Problem details. Each entry below has to be written out again without any change.

── Supplied records

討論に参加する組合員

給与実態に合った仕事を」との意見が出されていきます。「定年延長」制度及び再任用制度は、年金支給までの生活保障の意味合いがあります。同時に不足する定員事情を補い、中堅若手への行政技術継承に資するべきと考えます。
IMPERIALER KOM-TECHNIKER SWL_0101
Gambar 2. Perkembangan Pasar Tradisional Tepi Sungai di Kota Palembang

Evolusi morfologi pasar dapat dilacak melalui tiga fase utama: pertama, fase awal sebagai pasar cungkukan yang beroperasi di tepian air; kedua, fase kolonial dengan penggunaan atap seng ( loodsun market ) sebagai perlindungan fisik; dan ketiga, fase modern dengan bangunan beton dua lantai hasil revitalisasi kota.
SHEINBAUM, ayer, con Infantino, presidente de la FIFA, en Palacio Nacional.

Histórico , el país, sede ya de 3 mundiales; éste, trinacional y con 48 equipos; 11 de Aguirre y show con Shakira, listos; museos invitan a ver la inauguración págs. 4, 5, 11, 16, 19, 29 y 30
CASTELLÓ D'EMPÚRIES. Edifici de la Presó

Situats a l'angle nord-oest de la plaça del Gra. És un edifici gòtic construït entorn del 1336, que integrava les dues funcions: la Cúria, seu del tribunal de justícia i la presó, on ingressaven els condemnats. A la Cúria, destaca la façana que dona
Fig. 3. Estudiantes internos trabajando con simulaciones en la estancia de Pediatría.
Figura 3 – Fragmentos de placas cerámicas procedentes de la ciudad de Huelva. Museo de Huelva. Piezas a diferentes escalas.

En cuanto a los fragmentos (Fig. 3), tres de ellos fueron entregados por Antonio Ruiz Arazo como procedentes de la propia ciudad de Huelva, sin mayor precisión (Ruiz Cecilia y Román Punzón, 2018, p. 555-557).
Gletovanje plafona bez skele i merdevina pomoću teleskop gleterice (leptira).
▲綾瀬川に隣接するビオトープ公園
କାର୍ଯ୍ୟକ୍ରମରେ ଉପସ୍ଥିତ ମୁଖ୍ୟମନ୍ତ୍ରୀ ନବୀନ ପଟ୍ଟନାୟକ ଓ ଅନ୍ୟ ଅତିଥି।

────

Expected answer.
討論に参加する組合員

給与実態に合った仕事を」との意見が出されていきます。「定年延長」制度及び再任用制度は、年金支給までの生活保障の意味合いがあります。同時に不足する定員事情を補い、中堅若手への行政技術継承に資するべきと考えます。
IMPERIALER KOM-TECHNIKER SWL_0101
Gambar 2. Perkembangan Pasar Tradisional Tepi Sungai di Kota Palembang

Evolusi morfologi pasar dapat dilacak melalui tiga fase utama: pertama, fase awal sebagai pasar cungkukan yang beroperasi di tepian air; kedua, fase kolonial dengan penggunaan atap seng ( loodsun market ) sebagai perlindungan fisik; dan ketiga, fase modern dengan bangunan beton dua lantai hasil revitalisasi kota.
SHEINBAUM, ayer, con Infantino, presidente de la FIFA, en Palacio Nacional.

Histórico , el país, sede ya de 3 mundiales; éste, trinacional y con 48 equipos; 11 de Aguirre y show con Shakira, listos; museos invitan a ver la inauguración págs. 4, 5, 11, 16, 19, 29 y 30
CASTELLÓ D'EMPÚRIES. Edifici de la Presó

Situats a l'angle nord-oest de la plaça del Gra. És un edifici gòtic construït entorn del 1336, que integrava les dues funcions: la Cúria, seu del tribunal de justícia i la presó, on ingressaven els condemnats. A la Cúria, destaca la façana que dona
Fig. 3. Estudiantes internos trabajando con simulaciones en la estancia de Pediatría.
Figura 3 – Fragmentos de placas cerámicas procedentes de la ciudad de Huelva. Museo de Huelva. Piezas a diferentes escalas.

En cuanto a los fragmentos (Fig. 3), tres de ellos fueron entregados por Antonio Ruiz Arazo como procedentes de la propia ciudad de Huelva, sin mayor precisión (Ruiz Cecilia y Román Punzón, 2018, p. 555-557).
Gletovanje plafona bez skele i merdevina pomoću teleskop gleterice (leptira).
▲綾瀬川に隣接するビオトープ公園
କାର୍ଯ୍ୟକ୍ରମରେ ଉପସ୍ଥିତ ମୁଖ୍ୟମନ୍ତ୍ରୀ ନବୀନ ପଟ୍ଟନାୟକ ଓ ଅନ୍ୟ ଅତିଥି।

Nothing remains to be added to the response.